To do: List every line in this data where the string "Sole" occurs.

Data entries:
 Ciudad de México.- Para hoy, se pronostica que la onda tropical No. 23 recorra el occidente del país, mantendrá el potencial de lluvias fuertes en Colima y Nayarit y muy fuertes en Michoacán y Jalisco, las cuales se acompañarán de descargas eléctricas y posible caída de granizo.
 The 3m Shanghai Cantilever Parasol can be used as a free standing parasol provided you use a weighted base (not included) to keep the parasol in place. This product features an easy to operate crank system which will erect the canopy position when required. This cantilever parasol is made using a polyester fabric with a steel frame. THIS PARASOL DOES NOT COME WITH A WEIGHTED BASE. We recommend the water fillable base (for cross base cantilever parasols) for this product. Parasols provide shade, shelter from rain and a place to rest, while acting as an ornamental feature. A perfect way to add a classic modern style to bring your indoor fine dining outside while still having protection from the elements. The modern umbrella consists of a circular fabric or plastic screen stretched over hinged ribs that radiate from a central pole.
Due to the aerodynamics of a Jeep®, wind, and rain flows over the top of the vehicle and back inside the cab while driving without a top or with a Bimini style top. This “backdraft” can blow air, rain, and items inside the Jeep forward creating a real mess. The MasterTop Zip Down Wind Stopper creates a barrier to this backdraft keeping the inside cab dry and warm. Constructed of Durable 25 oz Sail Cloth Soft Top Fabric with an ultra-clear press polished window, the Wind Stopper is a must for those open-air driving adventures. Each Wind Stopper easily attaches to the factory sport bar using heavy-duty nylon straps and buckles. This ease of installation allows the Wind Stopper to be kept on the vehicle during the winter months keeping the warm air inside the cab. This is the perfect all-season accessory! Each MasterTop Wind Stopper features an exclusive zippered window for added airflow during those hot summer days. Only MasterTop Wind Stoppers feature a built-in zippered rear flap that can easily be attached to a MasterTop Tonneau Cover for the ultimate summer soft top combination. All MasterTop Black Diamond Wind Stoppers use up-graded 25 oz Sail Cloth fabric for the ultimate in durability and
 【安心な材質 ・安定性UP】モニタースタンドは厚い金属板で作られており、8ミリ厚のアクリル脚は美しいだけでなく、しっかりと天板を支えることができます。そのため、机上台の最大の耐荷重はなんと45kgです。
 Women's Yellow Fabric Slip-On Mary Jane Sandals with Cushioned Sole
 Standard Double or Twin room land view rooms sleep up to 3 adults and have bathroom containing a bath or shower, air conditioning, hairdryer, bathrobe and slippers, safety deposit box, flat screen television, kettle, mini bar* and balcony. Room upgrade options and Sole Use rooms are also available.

Your solution:
 Women's Yellow Fabric Slip-On Mary Jane Sandals with Cushioned Sole
 Standard Double or Twin room land view rooms sleep up to 3 adults and have bathroom containing a bath or shower, air conditioning, hairdryer, bathrobe and slippers, safety deposit box, flat screen television, kettle, mini bar* and balcony. Room upgrade options and Sole Use rooms are also available.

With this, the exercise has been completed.